4.16 Belanghebbende heeft geen zelfstandige grieven ten aanzien van de aanslag WAZ aangevoerd. Mede gelet op de in 4.7 en 4.8 opgenomen oordelen, heeft de Inspecteur deze aanslag terecht en tot het juiste bedrag vastgesteld.

Heffingsrente

4.17 Het beroep wordt geacht mede betrekking te hebben op de heffingsrente (zie Hoge Raad 27 november 2009, nr. 07/13621, LJN BJ7907). Belanghebbende heeft geen zelfstandige gronden tegen de in rekening gebrachte heffingsrente aangevoerd. Nu het Hof ook overigens niet is gebleken dat de bepalingen met betrekking tot de heffingsrente onjuist zijn toegepast, is het beroep in zoverre ongegrond.

Slotsom

Op grond van het vorenstaande is het hoger beroep gegrond.

5. Kosten

Het Hof acht, nu van zodanige kosten niet is gebleken, geen termen aanwezig voor een veroordeling in de proceskosten.

6. Beslissing

Het Hof:

- vernietigt de uitspraak van de Rechtbank,

- verklaart het tegen de uitspraken van de Inspecteur inzake de in 1.1 vermelde aanslagen IB/PVV, WAZ en heffingsrentebeschikkingen ingestelde beroep ongegrond,

- verklaart het tegen de uitspraken van de Inspecteur inzake de boetebeschikkingen ingestelde beroep gegrond,

- vernietigt de uitspraken van de Inspecteur ten aanzien van de boetebeschikkingen,

- vernietigt de boetebeschikkingen,

- gelast dat de Staat aan belanghebbende het betaalde griffierecht vergoedt, te weten € 39 in verband met het beroep bij de Rechtbank en € 111 in verband met het hoger beroep bij het Hof.
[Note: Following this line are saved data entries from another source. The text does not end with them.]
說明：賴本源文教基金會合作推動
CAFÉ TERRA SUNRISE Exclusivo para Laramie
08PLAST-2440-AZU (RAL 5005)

Deze uitspraak is gedaan door mr. A.J. Kromhout, voorzitter, mr. R. den Ouden en mr. J.B.H. Röben, in tegenwoordigheid van mr. N. ten Broek als griffier.
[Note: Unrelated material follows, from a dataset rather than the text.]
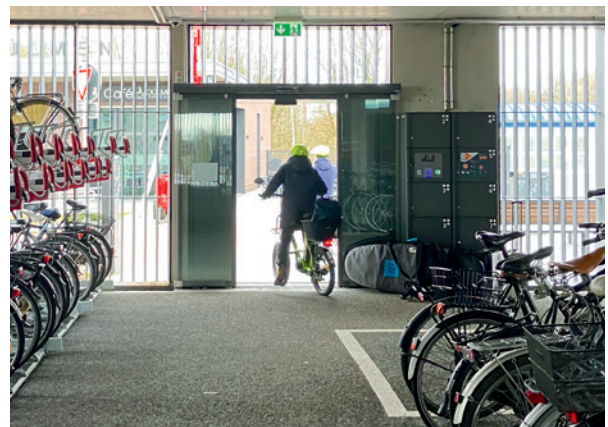
Abbildung 13: Automatische Glasschiebetür. Der benötigte Bauraum ist ca. doppelt so breit wie die lichte Durchgangsbreite.

Während für kleinere Anlagen mit weniger Nutzenden zu Spitzenzeiten pro Stunde (bis etwa hundert) automatisch öffnende Anschlagtüren oder Schiebetüren häufig ein gutes Verhältnis von Komfort und Sicherheit bieten, empfiehlt sich bei größeren Anlagen oder erhöhten Sicherheitsanforderungen eine Kombination verschiedener Türsysteme. Zur Vereinzelung bei gleichzeitig hohem Komfort und hoher Durchgangskapazität eignen sich insbesondere sogenannte Schiebedrehkreuze, bei denen die Türflügel seitlich wegfahren oder umklappen. Für erhöhte Sicherheit können diese z. B. mit automatischen Schiebetüren

De beslissing is op 28 september 2010 in het openbaar uitgesproken.

De griffier, mr. N. ten Broek, is verhinderd deze uitspraak mede te ondertekenen.

De voorzitter,

A.J. Kromhout

Afschriften zijn aangetekend per post verzonden op 29 september 2010

Tegen deze uitspraak kunnen beide partijen binnen zes weken na de verzenddatum beroep in cassatie instellen bij

de Hoge Raad der Nederlanden (belastingkamer)

Postbus 20303,

2500 EH Den Haag.

Daarbij moet het volgende in acht worden genomen:

1 - bij het beroepschrift wordt een afschrift van deze uitspraak overgelegd;

2 - het beroepschrift moet ondertekend zijn en ten minste het volgende vermelden:

a. de naam en het adres van de indiener;

b. de dagtekening;

c. een omschrijving van de uitspraak waartegen het beroep in cassatie is gericht;

d. de gronden van het beroep in cassatie.
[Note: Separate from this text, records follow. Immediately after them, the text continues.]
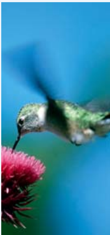
Die beweglichen Flügel erlauben es dem Breitschwanzkolibri, rückwärts, seitwärts und auf der Stelle zu fliegen.
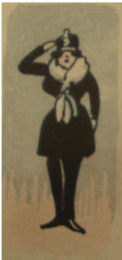
Klods Hans, årgang 12 nr. 8, 156.
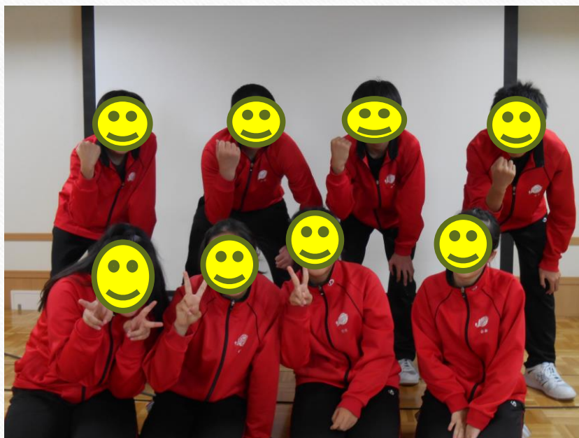
砂川中学校生集合写真
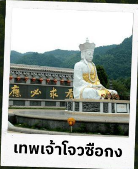
เทพเจ้าโจวซือกง
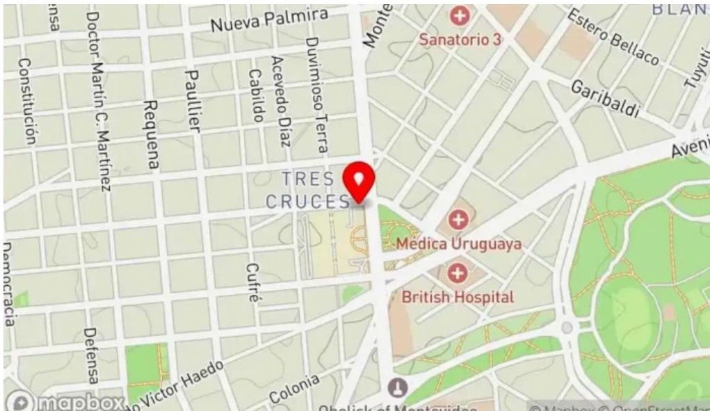
Angus grill mapa

Voor het instellen van beroep in cassatie is griffierecht verschuldigd. Na het instellen van beroep in cassatie ontvangt de indiener een nota griffierecht van de griffier van de Hoge Raad.

In het cassatieberoepschrift kan de Hoge Raad verzocht worden om de wederpartij te veroordelen in de proceskosten.